● **EXERCISE BRIEF**:
For the entries below, return every line from the top through the line with "Złote sandały gladiatorki" exactly as it stands, omitting pictures.

● **EXCERPTED DATA**:
• • •

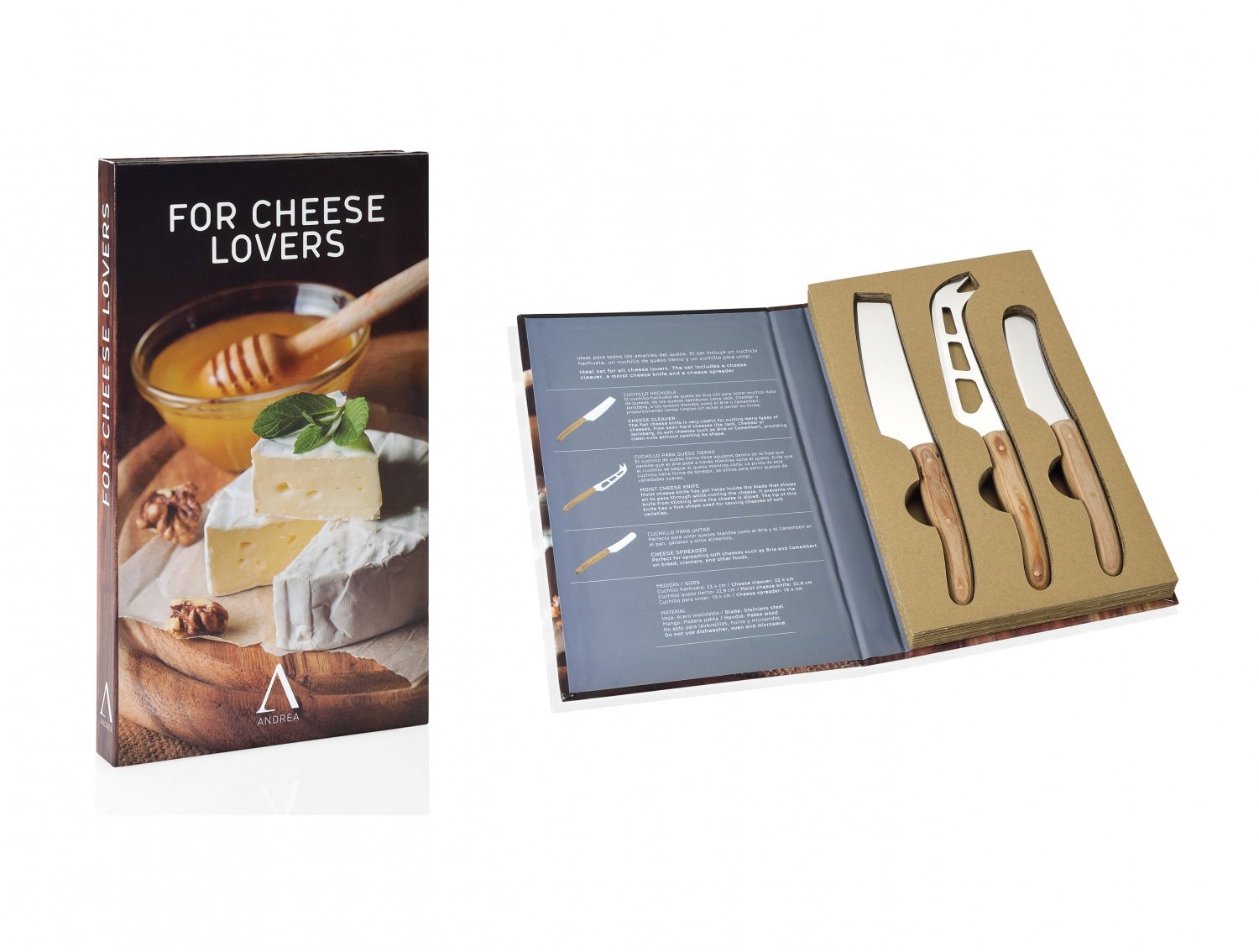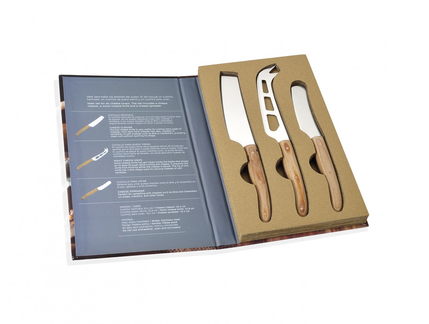 В набор ножей для сыра из нержавеющей стали и дерева акации входит слайсер для нарезки твердых и полутвердых сыров, нож-вилка с зубчиками и нож-лопатка - для мягких сыров. Круглые прорези на лезвиях ножей для сыра не только напоминают дырочки в маасдаме, но и уменьшают площадь соприкосновения ножа с продуктом, облегчая нарезку и предотвращая слипание слоев мягкого сыра – ведь его вкус меняется от корочки вглубь головки. Ножи упакованы в специальную подарочную коробку в виде книги и могут стать прекрасным подарком для любителей сыра.
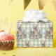 Påskhare för utspädd vattenfärg med dekorerade ägg på grönt och vit gingham.
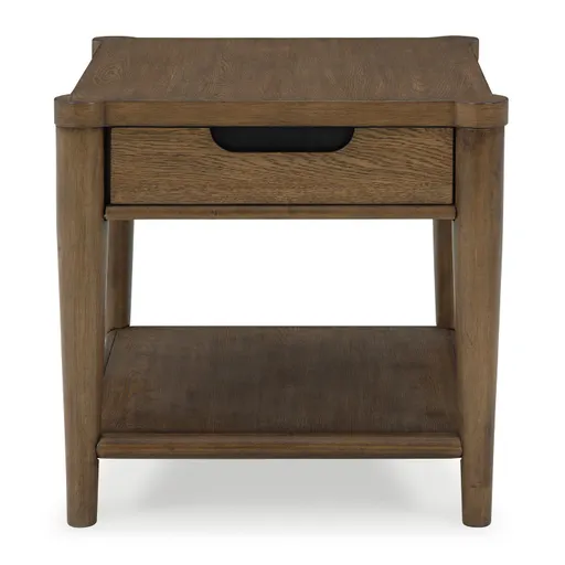 Give your modern or mid-century living room that finishing touch with this end table. It combines sophistication and functionality, with an open shelf for essentials and a spacious drawer to keep gaming controllers and remotes at your fingertips. Picture yourself on the sofa with this convenient table by your side, bringing a touch of minimalism with big character to your home.
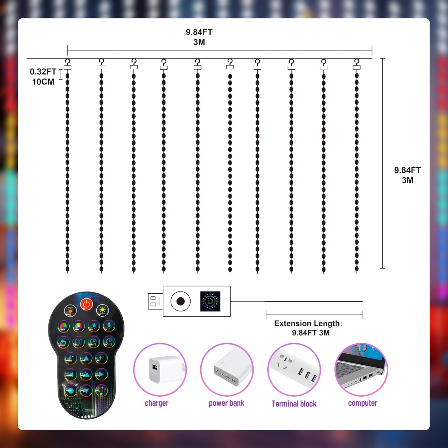 - Smart Curtain Lights: 6.6 x 6.6Ft, 400LEDs USB Powered smart curtains lights come with 10ft long power cord; 6.6ft main strand and 20 drop strings with hooks; Easily control the lights in the room with just a few taps on your phone or remote; Waterproof and ideal for bedrooms, living rooms, gaming rooms, garages, banquet halls, cafes, exterior walls, and windows.
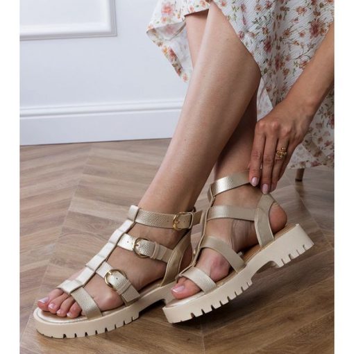 Złote sandały gladiatorki zapinane na kostcę złoty
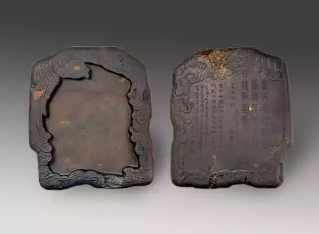 大略为方形,随形不规则。受墨处光滑平阔,无墨池。面上有石质缝隙,有眼若干。边缘凸起,工匠利用一椭圆眼,在边缘雕刻凤鸟一只,翅膀羽毛环绕砚面一周,并流云纹。羽毛纹理清晰可见,动感十足。鸟头俯视升空环抱。侧面有竖行阴文篆书“顾二娘造”款。砚背四周亦为羽毛,流云纹装饰,浅浮雕,中间为辛丑年(康熙六十年,1721 年)黄任铭,砚附木盒。
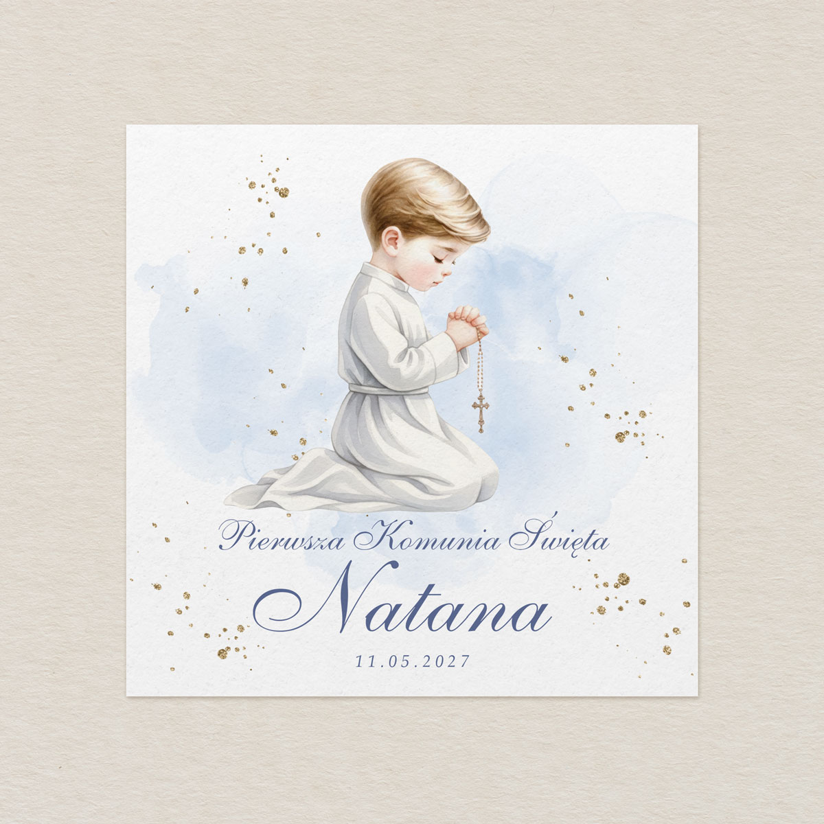 Eleganckie, personalizowane zaproszenia na Pierwszą Komunię Świętą w formacie K4 z delikatną ilustracją dziecka w stylu akwareli. Idealne dla dziewczynki lub chłopca. Każde zaproszenie wykonane jest z dbałością o detale i przygotowane indywidualnie dla Twojego dziecka.
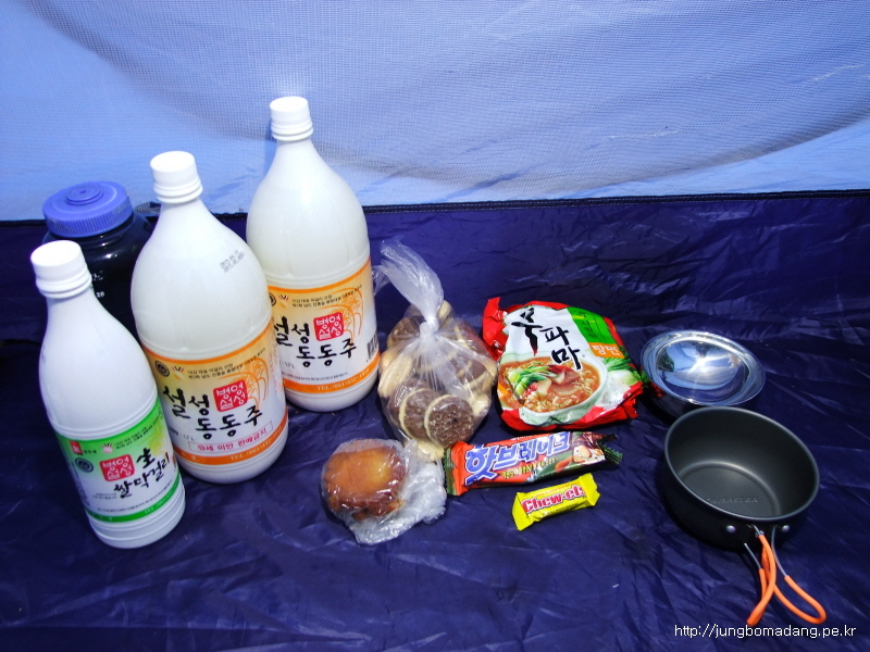 막걸리 2, 약과 4개, 과자 약간, 라면 1
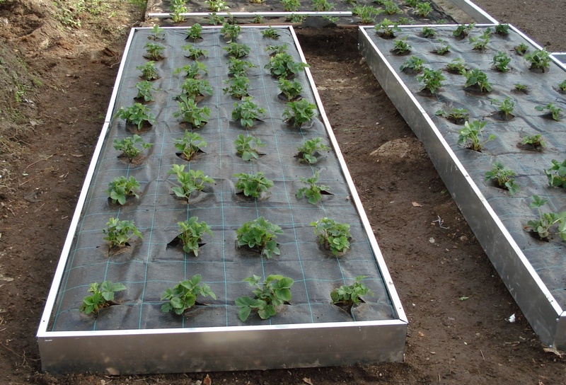 Второ, постепенно трансплантирайте всички ягоди в черен агроспан мулч с плътност 60 g / кв.м. Това покритие издържа поне 5 години. Трябва да кажа, че не е имало прегряване на почвата под него дори в жегата и има много плюсове: лесно се отстраняват мустаците, плодовете са чисти, няма плевели, броят на поливанията е намалял.
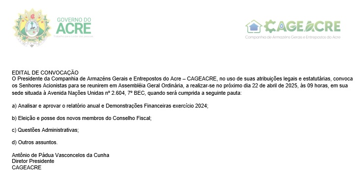 EDITAIS Diretor presidente da Cageacre publica edital de convocação para assembleia geral ordinária dia 22 Publicado 6 meses atrás em 8 de abril de 2025 Por Redação AcreNews Tópicos relacionados: A seguir Rolv comercial Ltda torna público que requereu do imac a Licença de Operação para atividade de comércio Varejista de Combustíveis Não perca Hotéis F. Telles Netto e Filhos Ltda Torna público que requereu do IMAC a renovação de licença para a atividade de operacionalização de um hotel Continue lendo Você pode gostar
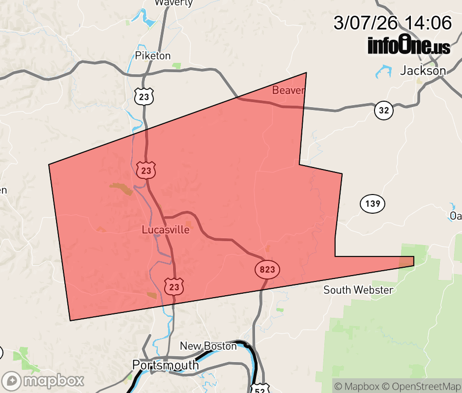 Canceled 3/7/26 2:30 PM Special Weather Statement issued March 7 at 2:05PM EST by NWS Wilmington OH At 204 PM EST, a strong thunderstorm was located over Lucasville, moving east at 50 mph. HAZARD...Wind gusts up to 50 mph and half inch hail. SOURCE...Radar indicated. IMPACT...Gusty winds could knock down tree limbs and blow around unsecured objects. Hail may cause minor damage to vegetation. Locations impacted include... Clarktown, Lucasville, Rosemount, Beaver, Lombardsville, Wakefield, Stockdale, Minford, State Route 335 at State Route 776, Mcdermott, Portsmouth Regional Airport, Bear Creek, and Germany. ![]() |
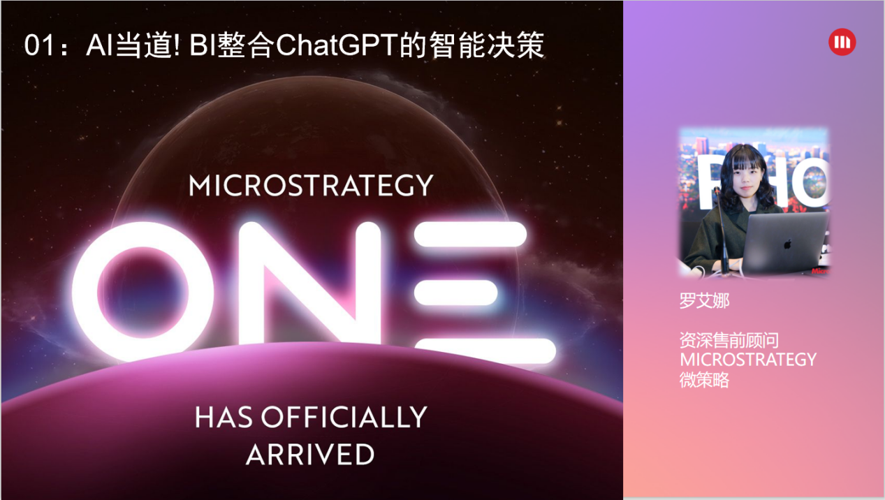 MSTR原厂顾问Aina跟我们分享了AI是如何改变商业决策的。她谈到了真实世界中企业如何使用BI工具结合ChatGPT进行决策分析,并提供了一些实际的技巧和策略,帮助企业描绘出数据驱动的商业愿景。
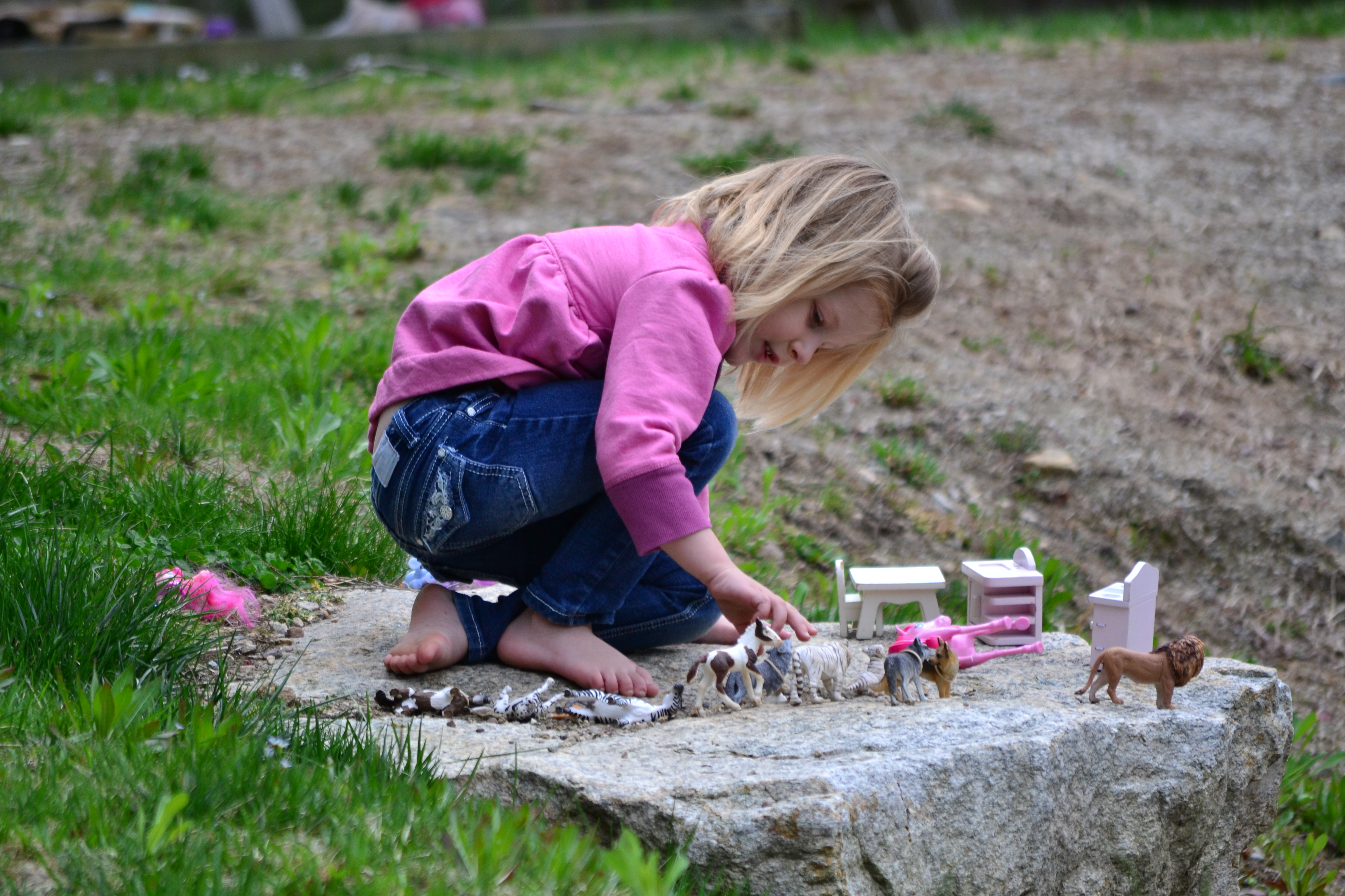 One day Sarah played on a rock while I read a book.  She loves making up little games and stories with her plastic animals.

• • •

● **WRITTEN REPLY**:
 В набор ножей для сыра из нержавеющей стали и дерева акации входит слайсер для нарезки твердых и полутвердых сыров, нож-вилка с зубчиками и нож-лопатка - для мягких сыров. Круглые прорези на лезвиях ножей для сыра не только напоминают дырочки в маасдаме, но и уменьшают площадь соприкосновения ножа с продуктом, облегчая нарезку и предотвращая слипание слоев мягкого сыра – ведь его вкус меняется от корочки вглубь головки. Ножи упакованы в специальную подарочную коробку в виде книги и могут стать прекрасным подарком для любителей сыра.
 Påskhare för utspädd vattenfärg med dekorerade ägg på grönt och vit gingham.
 Give your modern or mid-century living room that finishing touch with this end table. It combines sophistication and functionality, with an open shelf for essentials and a spacious drawer to keep gaming controllers and remotes at your fingertips. Picture yourself on the sofa with this convenient table by your side, bringing a touch of minimalism with big character to your home.
 - Smart Curtain Lights: 6.6 x 6.6Ft, 400LEDs USB Powered smart curtains lights come with 10ft long power cord; 6.6ft main strand and 20 drop strings with hooks; Easily control the lights in the room with just a few taps on your phone or remote; Waterproof and ideal for bedrooms, living rooms, gaming rooms, garages, banquet halls, cafes, exterior walls, and windows.
 Złote sandały gladiatorki zapinane na kostcę złoty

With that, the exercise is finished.